::: MATERIAL FOR THE TASK :::

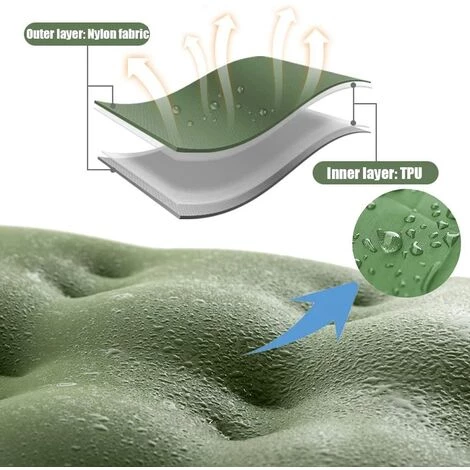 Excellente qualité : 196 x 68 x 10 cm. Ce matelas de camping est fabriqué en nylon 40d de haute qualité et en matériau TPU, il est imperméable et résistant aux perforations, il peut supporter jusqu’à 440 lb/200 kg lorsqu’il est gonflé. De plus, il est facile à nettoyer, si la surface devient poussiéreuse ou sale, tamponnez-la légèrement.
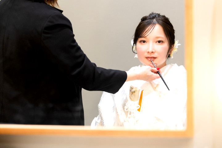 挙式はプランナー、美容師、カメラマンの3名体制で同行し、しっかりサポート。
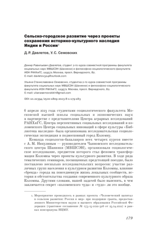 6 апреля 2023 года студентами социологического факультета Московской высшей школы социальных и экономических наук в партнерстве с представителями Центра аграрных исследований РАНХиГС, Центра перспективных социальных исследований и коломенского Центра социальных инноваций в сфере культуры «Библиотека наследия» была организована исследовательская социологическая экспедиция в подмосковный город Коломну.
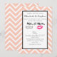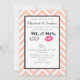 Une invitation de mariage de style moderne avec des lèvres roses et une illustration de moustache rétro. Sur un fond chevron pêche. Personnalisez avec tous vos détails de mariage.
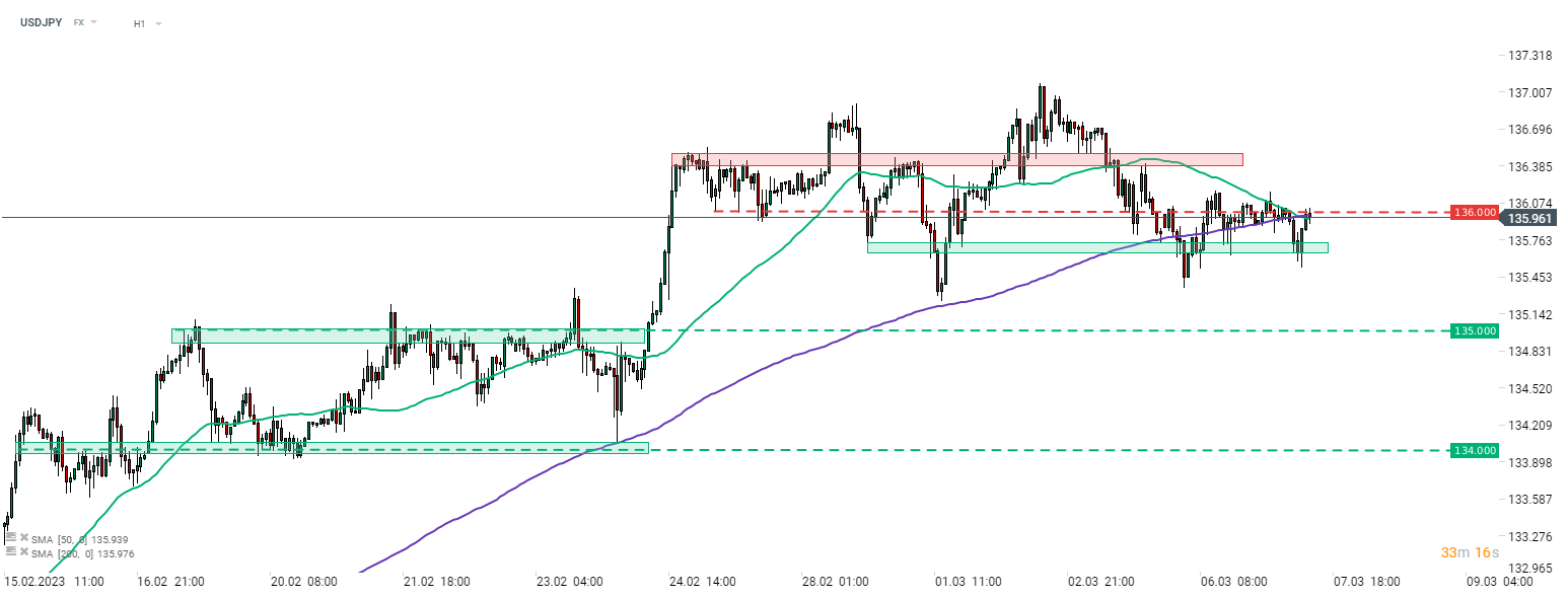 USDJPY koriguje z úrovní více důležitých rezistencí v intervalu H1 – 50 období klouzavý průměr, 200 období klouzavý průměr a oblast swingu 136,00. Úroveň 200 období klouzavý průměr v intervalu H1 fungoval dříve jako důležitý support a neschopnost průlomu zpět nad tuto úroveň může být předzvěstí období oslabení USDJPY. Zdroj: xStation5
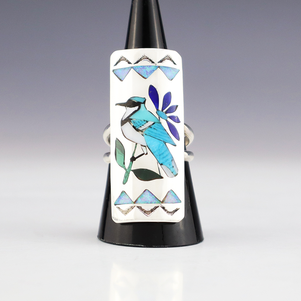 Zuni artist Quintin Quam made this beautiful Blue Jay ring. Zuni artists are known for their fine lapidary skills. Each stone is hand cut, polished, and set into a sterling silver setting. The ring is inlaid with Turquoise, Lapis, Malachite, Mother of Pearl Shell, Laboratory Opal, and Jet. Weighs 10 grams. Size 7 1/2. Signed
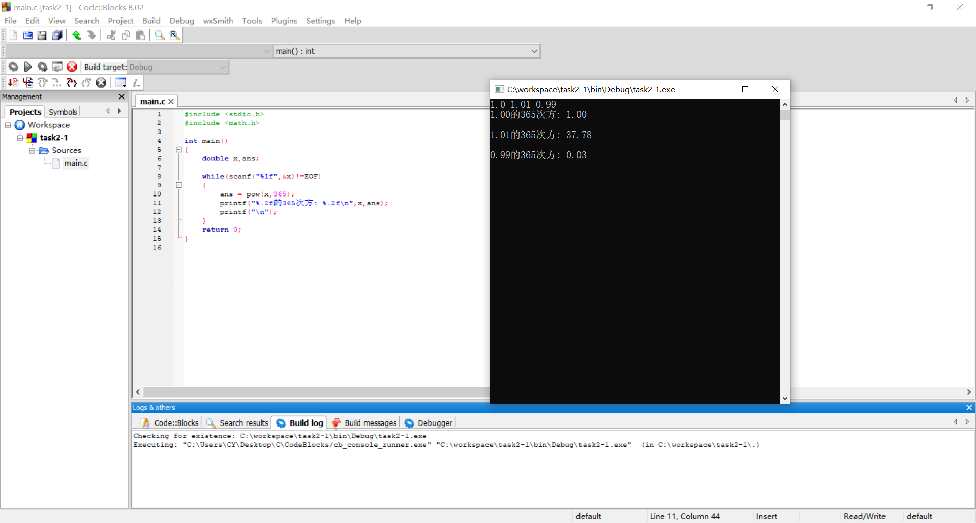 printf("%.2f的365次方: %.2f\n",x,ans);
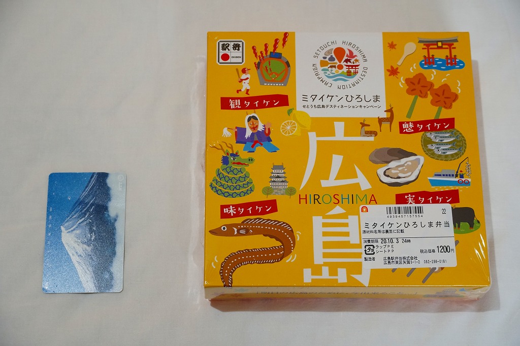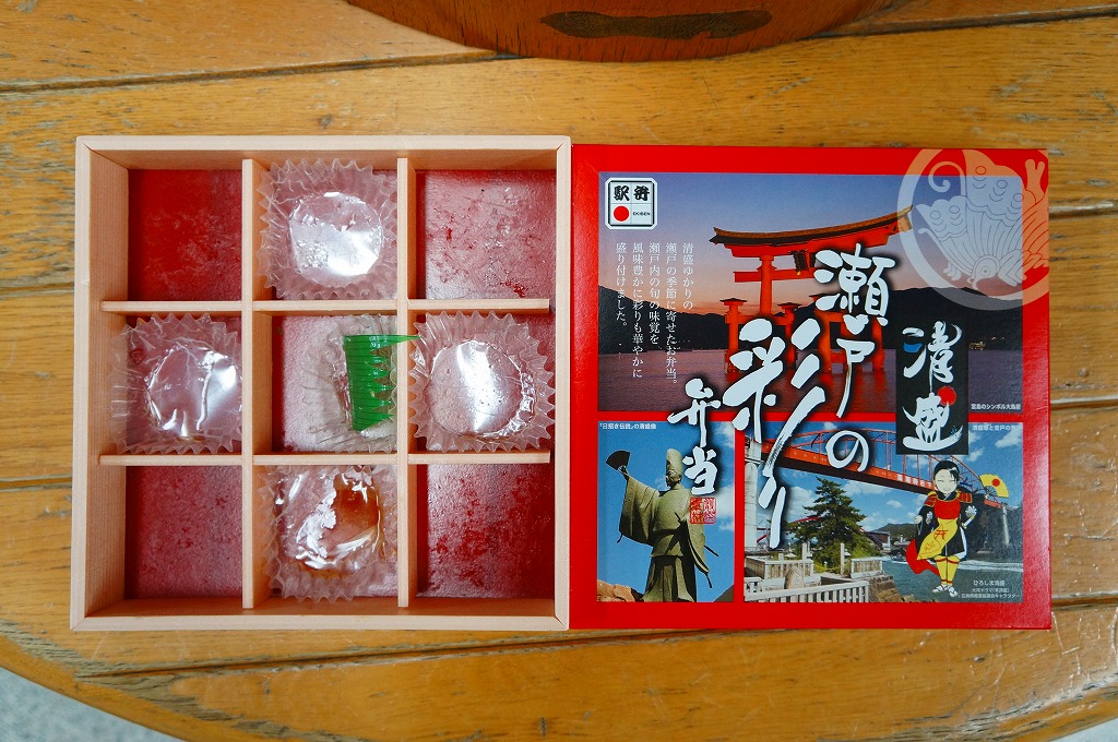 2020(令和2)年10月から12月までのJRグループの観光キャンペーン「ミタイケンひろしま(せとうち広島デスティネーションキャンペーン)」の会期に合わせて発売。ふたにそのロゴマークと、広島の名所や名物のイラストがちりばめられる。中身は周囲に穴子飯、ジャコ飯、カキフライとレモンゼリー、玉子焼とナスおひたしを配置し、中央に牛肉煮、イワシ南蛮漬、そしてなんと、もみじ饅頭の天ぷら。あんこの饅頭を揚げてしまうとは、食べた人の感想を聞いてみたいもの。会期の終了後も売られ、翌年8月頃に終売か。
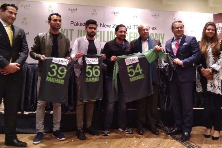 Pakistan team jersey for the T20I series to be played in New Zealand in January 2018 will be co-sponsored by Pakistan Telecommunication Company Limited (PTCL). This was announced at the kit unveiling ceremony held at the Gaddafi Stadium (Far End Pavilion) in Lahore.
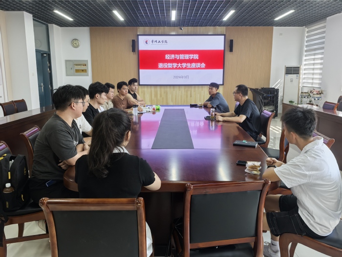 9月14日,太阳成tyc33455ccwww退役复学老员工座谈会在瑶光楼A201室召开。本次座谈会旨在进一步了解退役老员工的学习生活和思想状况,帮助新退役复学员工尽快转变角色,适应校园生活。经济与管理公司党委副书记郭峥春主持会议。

:::

WHAT IS NEEDED: This task asks for the data above repeated exactly, without a single picture.

RESPONSE TO THIS EXERCISE:
 Excellente qualité : 196 x 68 x 10 cm. Ce matelas de camping est fabriqué en nylon 40d de haute qualité et en matériau TPU, il est imperméable et résistant aux perforations, il peut supporter jusqu’à 440 lb/200 kg lorsqu’il est gonflé. De plus, il est facile à nettoyer, si la surface devient poussiéreuse ou sale, tamponnez-la légèrement.
 挙式はプランナー、美容師、カメラマンの3名体制で同行し、しっかりサポート。
 6 апреля 2023 года студентами социологического факультета Московской высшей школы социальных и экономических наук в партнерстве с представителями Центра аграрных исследований РАНХиГС, Центра перспективных социальных исследований и коломенского Центра социальных инноваций в сфере культуры «Библиотека наследия» была организована исследовательская социологическая экспедиция в подмосковный город Коломну.
 Une invitation de mariage de style moderne avec des lèvres roses et une illustration de moustache rétro. Sur un fond chevron pêche. Personnalisez avec tous vos détails de mariage.
 USDJPY koriguje z úrovní více důležitých rezistencí v intervalu H1 – 50 období klouzavý průměr, 200 období klouzavý průměr a oblast swingu 136,00. Úroveň 200 období klouzavý průměr v intervalu H1 fungoval dříve jako důležitý support a neschopnost průlomu zpět nad tuto úroveň může být předzvěstí období oslabení USDJPY. Zdroj: xStation5
 Zuni artist Quintin Quam made this beautiful Blue Jay ring. Zuni artists are known for their fine lapidary skills. Each stone is hand cut, polished, and set into a sterling silver setting. The ring is inlaid with Turquoise, Lapis, Malachite, Mother of Pearl Shell, Laboratory Opal, and Jet. Weighs 10 grams. Size 7 1/2. Signed
 printf("%.2f的365次方: %.2f\n",x,ans);
 2020(令和2)年10月から12月までのJRグループの観光キャンペーン「ミタイケンひろしま(せとうち広島デスティネーションキャンペーン)」の会期に合わせて発売。ふたにそのロゴマークと、広島の名所や名物のイラストがちりばめられる。中身は周囲に穴子飯、ジャコ飯、カキフライとレモンゼリー、玉子焼とナスおひたしを配置し、中央に牛肉煮、イワシ南蛮漬、そしてなんと、もみじ饅頭の天ぷら。あんこの饅頭を揚げてしまうとは、食べた人の感想を聞いてみたいもの。会期の終了後も売られ、翌年8月頃に終売か。
 Pakistan team jersey for the T20I series to be played in New Zealand in January 2018 will be co-sponsored by Pakistan Telecommunication Company Limited (PTCL). This was announced at the kit unveiling ceremony held at the Gaddafi Stadium (Far End Pavilion) in Lahore.
 9月14日,太阳成tyc33455ccwww退役复学老员工座谈会在瑶光楼A201室召开。本次座谈会旨在进一步了解退役老员工的学习生活和思想状况,帮助新退役复学员工尽快转变角色,适应校园生活。经济与管理公司党委副书记郭峥春主持会议。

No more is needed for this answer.